Hi all,
a few days ago I setup an buildfarm animal markhor, running the tests
with CLOBBER_CACHE_RECURSIVELY. As the tests are running very long,
reporting the results back to the server fails because of a safeguard
limit in the buildfarm server. Anyway, that's being discussed in a
different thread - here it's merely as a 'don't bother looking for addax
on the buildfarm website' warning.
I've been checking the progress of the recursive tests today, and I
found it actually failed in the 'make check' step. The logs are
available here:
buildfarm logs: http://www.fuzzy.cz/tmp/buildfarm/recursive-oom.tgz
kernel logs: http://www.fuzzy.cz/tmp/buildfarm/messages
The tests are running within a LXC container (operated through libvirt),
so whenever I say 'VM' I actually mean a LXC container. It might be some
VM/LXC misconfiguration, but as this happens only to a single VM (the
one running tests with recursive clobber), I find it unlikely.
================== An example of the failure ==================
parallel group (20 tests): pg_lsn regproc oid name char money float4
txid text int2 varchar int4 float8 boolean int8 uuid rangetypes bit
numeric enum ... float4 ... ok float8 ... ok bit ... FAILED (test process exited with
exitcode 2) numeric ... FAILED (test process exited with exit code 2) txid ... ok ...
===============================================================
and then of course the usual 'terminating connection because of crash of
another server process' warning. Apparently, it's getting killed by the
OOM killer, because it exhausts all the memory assigned to that VM (2GB).

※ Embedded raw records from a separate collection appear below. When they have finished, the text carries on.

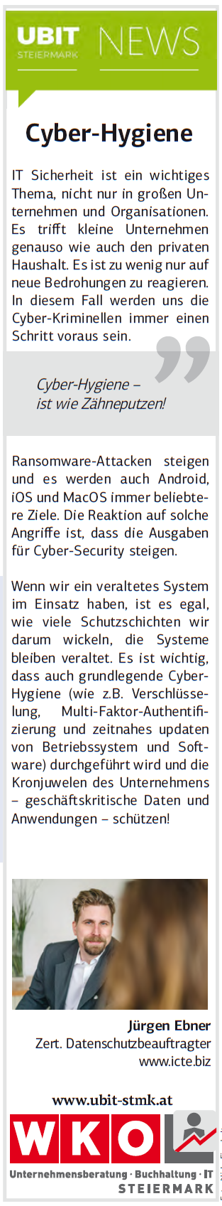 In der immer mehr von IT getriebenen Welt, in denen Unternehmen mobile Endgeräte und Cloud-Lösungen intensiv nutzen, ist der Schutz der Daten immer komplexer und kritischer und bedarf der Unterstützung von Experten. Da nicht jeder einen Experten im Unternehmen beschäftigen kann, unterstütze ich vor allem Kleinst- und Kleinunternehmen sich den digitalen Gefahren wie Viren, Cybervandalismus aber auch dem Löschen oder Verändern von Daten zu stellen.
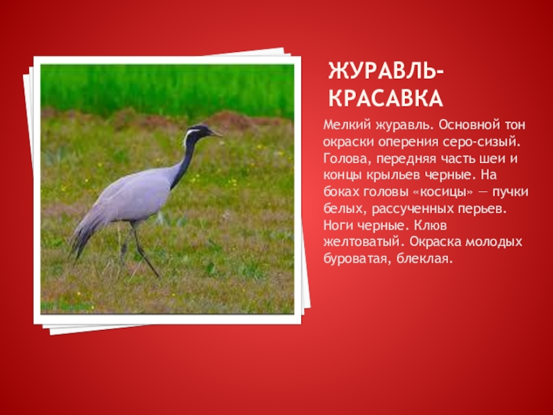 Мелкий журавль. Основной тон окраски оперения серо-сизый. Голова, передняя часть шеи
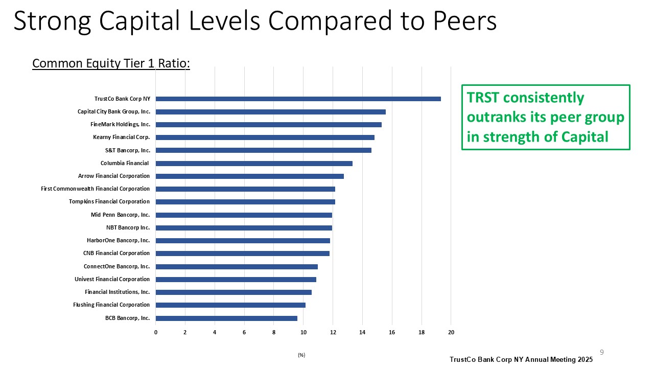 Consistently Strong Credit Quality Compared to Peers  8  Net Charge-Offs (Recoveries) / Average Loans  TrustCo continues to demonstrate exemplary credit quality through its sound underwriting and loan servicing  1 See slide 12 for a list of the companies that comprise TrustCo’s peer group.  TrustCo Bank Corp NY Annual Meeting 2025
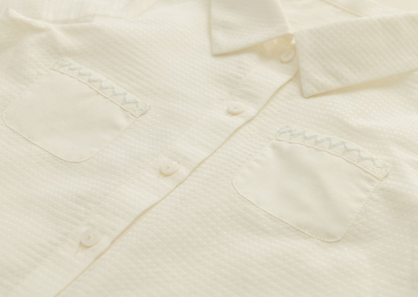 面料:棉73.4% 桑蚕丝26.6% 拼料:棉54% 桑蚕丝46% (装饰除外)
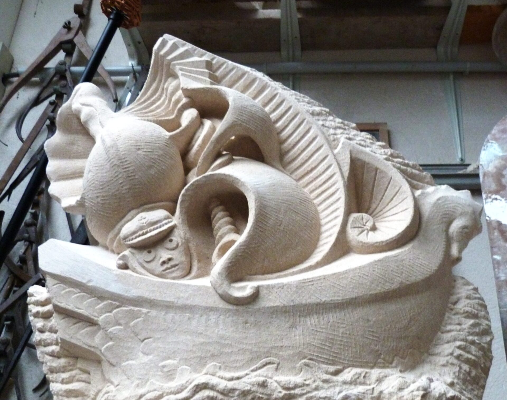 Cette œuvre capture la violence des éléments déchaînés. Ainsi les vagues impétueuses, la fureur de la tempête et l’acharnement du vent sont gravés dans la pierre. Au cœur de cette tourmente, un petit personnage sculpté, seul face à l’immensité et au déchaînement des éléments. Il incarne la fragilité et le courage de ceux qui ont affronté l’océan sans jamais revenir.

May 15 19:44:53 postgres invoked oom-killer: gfp_mask=0xd0, order=0,
oom_adj=0, oom_score_adj=0
May 15 19:44:53 cspug kernel: postgres cpuset=recursive-builds
mems_allowed=0
May 15 19:44:53 cspug kernel: Pid: 17159, comm: postgres Not tainted
2.6.32-431.17.1.el6.centos.plus.x86_64 #1
AFAIK 2GB is more than enough for a buildfarm machine (after all,
chipmunk hass just 512MB). Also, this only happens on this VM
(cpuset=recursive-builds), the other two VMs, with exactly the same
limits, running other buildfarm animals (regular or with
CLOBBER_CACHE_ALWAYS) are perfectly happy. See magpie or markhor for
example. And I don't see any reason why a build with recursive clobber
should require more memory than a regular build. So this seems like a
memory leak somewhere in the cache invalidation code.
I thought it might be fixed by commit b23b0f5588 (Code review for recent
changes in relcache.c), but mite is currently working on
7894ac5004 and yet it already failed on OOM.
The failures apparently happen within a few hours of the test start. For
example on addax (gcc), the build started on 02:50 and the first OOM
failure happened on 05:19, on mite (clang), it's 03:20 vs. 06:50. So
it's like ~3-4 after the tests start.
regards
Tomas